● EXERCISE BRIEF
Repeat only the lines below that run from the line with "Теперь еще раз" to the line with "FENDI Коричневый Женские", ends included; skip every picture.
### DATA EXTRACTS
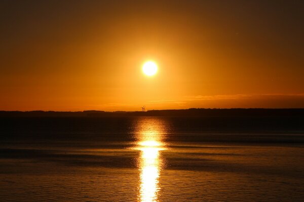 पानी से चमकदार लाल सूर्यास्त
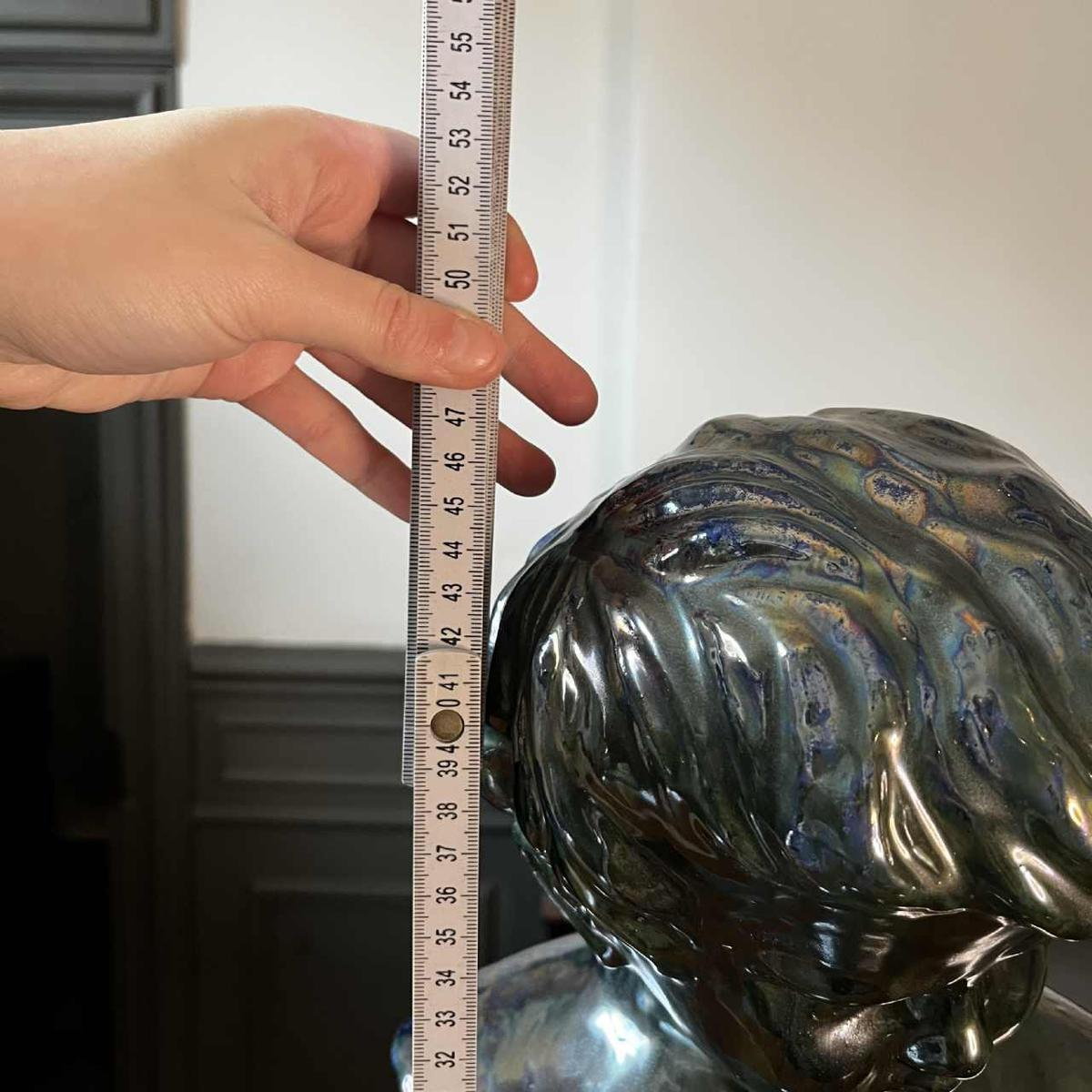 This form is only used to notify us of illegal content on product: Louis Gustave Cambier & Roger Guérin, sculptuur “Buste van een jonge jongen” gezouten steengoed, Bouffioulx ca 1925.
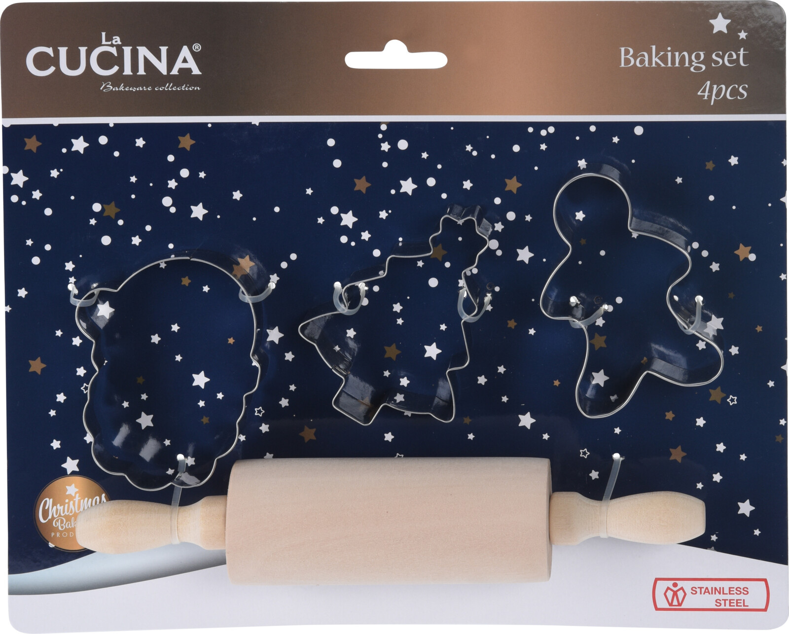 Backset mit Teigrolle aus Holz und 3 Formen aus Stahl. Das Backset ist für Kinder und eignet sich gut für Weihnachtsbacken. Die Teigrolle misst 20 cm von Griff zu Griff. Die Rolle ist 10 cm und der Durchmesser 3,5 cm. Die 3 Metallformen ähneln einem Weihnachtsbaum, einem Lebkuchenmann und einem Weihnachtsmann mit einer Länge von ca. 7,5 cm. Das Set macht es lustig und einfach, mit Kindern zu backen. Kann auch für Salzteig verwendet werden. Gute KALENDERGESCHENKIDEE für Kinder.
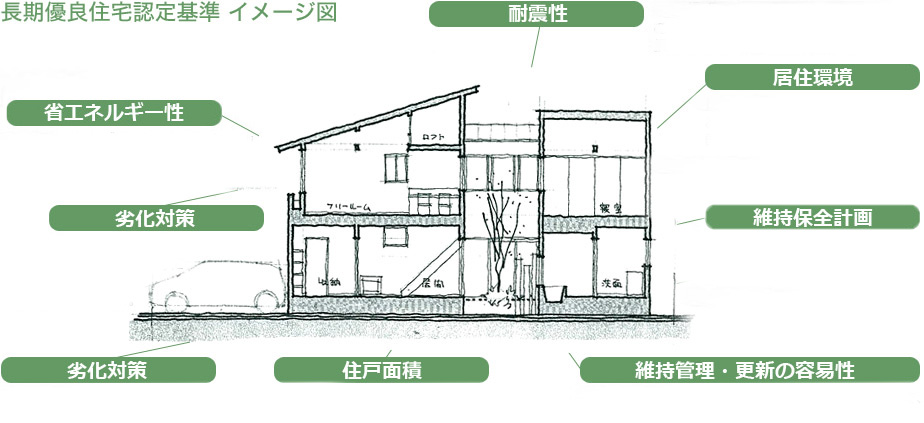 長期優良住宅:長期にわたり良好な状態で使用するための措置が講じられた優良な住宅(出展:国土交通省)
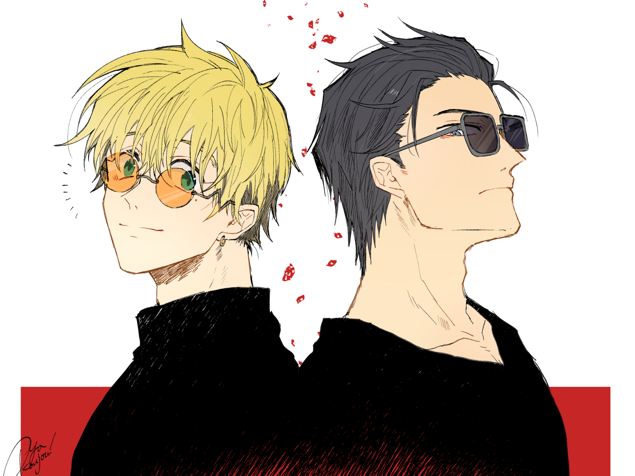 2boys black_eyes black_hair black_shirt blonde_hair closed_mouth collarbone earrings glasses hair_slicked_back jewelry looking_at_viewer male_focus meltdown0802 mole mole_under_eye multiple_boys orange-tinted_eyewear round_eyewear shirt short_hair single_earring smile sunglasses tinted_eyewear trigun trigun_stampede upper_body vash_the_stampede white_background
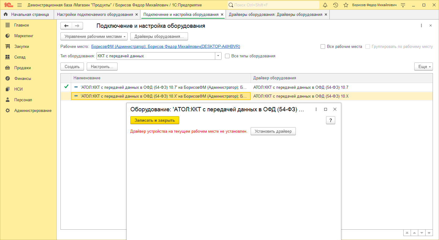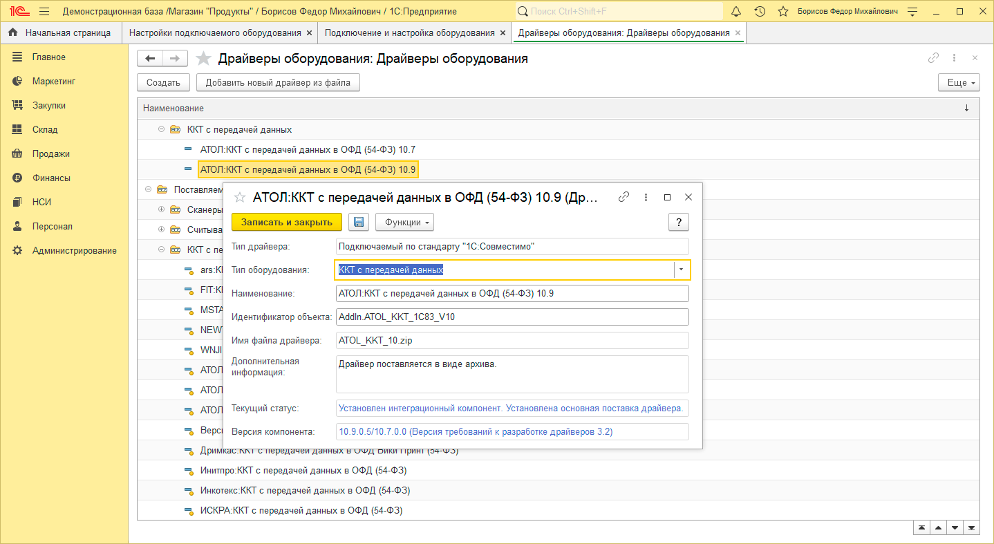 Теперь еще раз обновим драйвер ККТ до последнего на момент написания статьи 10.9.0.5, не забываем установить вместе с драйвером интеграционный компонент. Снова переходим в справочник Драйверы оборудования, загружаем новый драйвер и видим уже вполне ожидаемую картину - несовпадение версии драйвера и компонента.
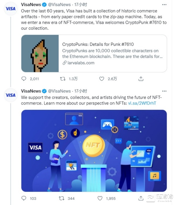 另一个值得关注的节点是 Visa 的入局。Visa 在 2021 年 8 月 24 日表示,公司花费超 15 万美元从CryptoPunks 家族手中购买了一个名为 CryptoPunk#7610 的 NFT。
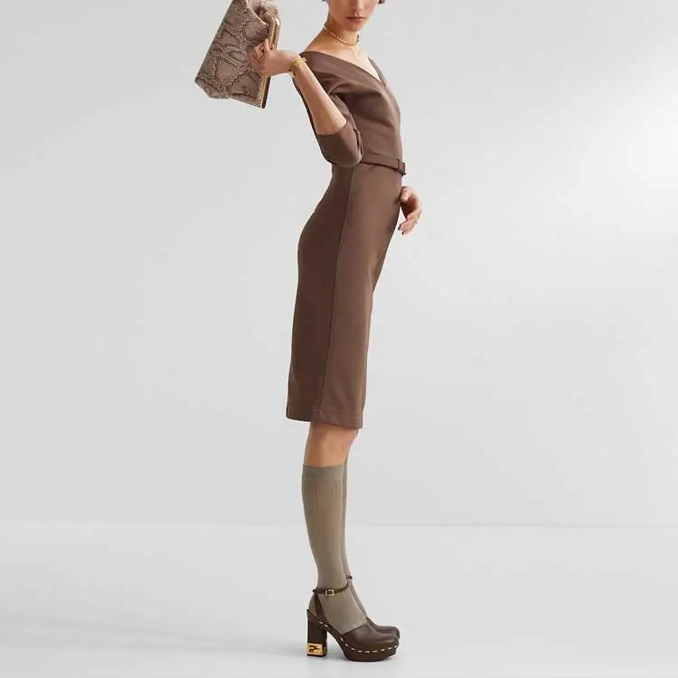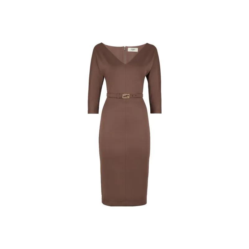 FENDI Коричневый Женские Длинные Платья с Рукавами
######
### DATA EXTRACTS
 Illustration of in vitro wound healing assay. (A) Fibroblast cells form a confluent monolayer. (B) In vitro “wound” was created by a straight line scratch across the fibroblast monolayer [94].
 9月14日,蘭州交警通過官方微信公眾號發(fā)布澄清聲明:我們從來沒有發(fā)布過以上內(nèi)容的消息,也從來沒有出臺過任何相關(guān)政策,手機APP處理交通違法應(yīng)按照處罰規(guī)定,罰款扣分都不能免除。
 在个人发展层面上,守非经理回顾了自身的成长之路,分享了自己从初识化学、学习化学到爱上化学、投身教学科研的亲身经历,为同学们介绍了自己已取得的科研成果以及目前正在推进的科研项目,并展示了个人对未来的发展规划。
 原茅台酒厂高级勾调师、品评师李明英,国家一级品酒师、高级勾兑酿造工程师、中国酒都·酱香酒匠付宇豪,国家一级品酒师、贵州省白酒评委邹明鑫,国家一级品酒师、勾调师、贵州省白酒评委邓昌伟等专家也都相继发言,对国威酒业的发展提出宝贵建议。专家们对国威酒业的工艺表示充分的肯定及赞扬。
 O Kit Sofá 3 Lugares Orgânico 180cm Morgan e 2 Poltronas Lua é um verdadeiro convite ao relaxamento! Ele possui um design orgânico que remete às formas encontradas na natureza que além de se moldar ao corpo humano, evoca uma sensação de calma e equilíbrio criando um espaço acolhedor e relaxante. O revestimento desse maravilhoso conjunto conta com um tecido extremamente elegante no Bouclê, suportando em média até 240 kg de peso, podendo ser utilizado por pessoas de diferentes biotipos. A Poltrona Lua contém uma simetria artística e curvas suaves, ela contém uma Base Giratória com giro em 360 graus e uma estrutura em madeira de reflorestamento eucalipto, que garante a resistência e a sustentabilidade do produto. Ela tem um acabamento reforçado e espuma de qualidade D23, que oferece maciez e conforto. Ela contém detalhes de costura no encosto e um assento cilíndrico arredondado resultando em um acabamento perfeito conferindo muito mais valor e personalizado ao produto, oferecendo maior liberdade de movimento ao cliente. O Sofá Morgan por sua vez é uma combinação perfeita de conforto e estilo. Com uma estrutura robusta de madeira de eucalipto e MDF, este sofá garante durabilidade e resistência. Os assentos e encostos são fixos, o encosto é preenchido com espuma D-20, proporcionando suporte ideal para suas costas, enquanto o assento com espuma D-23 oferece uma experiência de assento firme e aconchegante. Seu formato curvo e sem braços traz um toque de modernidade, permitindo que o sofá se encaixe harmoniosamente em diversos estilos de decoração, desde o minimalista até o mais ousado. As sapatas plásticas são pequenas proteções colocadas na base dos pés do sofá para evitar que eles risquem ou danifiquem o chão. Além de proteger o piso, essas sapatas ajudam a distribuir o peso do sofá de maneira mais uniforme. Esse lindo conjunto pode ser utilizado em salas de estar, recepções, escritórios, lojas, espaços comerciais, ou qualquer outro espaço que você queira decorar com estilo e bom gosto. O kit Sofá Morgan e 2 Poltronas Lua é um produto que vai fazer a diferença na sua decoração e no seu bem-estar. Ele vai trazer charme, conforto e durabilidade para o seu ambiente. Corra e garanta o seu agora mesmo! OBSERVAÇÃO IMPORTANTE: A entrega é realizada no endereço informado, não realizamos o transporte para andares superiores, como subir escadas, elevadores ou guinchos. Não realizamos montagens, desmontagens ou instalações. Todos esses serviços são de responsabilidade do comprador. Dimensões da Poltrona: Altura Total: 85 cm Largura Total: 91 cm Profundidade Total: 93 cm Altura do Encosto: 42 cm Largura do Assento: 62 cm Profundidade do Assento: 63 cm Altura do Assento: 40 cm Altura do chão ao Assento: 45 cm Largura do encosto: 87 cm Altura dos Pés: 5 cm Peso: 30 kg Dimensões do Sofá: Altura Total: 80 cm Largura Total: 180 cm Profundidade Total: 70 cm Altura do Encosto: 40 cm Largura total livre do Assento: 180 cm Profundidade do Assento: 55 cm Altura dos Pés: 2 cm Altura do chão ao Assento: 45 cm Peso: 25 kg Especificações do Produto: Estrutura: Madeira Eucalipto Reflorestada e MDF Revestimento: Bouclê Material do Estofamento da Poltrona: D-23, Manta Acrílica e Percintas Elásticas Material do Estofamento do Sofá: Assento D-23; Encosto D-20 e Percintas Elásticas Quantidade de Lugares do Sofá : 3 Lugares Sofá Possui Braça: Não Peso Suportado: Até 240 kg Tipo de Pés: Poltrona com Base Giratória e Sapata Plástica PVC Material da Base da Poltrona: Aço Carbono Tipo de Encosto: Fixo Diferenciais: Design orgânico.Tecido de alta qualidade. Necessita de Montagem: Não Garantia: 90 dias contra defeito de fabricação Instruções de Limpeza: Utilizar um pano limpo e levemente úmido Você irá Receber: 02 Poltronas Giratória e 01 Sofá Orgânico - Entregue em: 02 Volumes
######
● EXPECTED OUTPUT
 Теперь еще раз обновим драйвер ККТ до последнего на момент написания статьи 10.9.0.5, не забываем установить вместе с драйвером интеграционный компонент. Снова переходим в справочник Драйверы оборудования, загружаем новый драйвер и видим уже вполне ожидаемую картину - несовпадение версии драйвера и компонента.
 另一个值得关注的节点是 Visa 的入局。Visa 在 2021 年 8 月 24 日表示,公司花费超 15 万美元从CryptoPunks 家族手中购买了一个名为 CryptoPunk#7610 的 NFT。
 FENDI Коричневый Женские Длинные Платья с Рукавами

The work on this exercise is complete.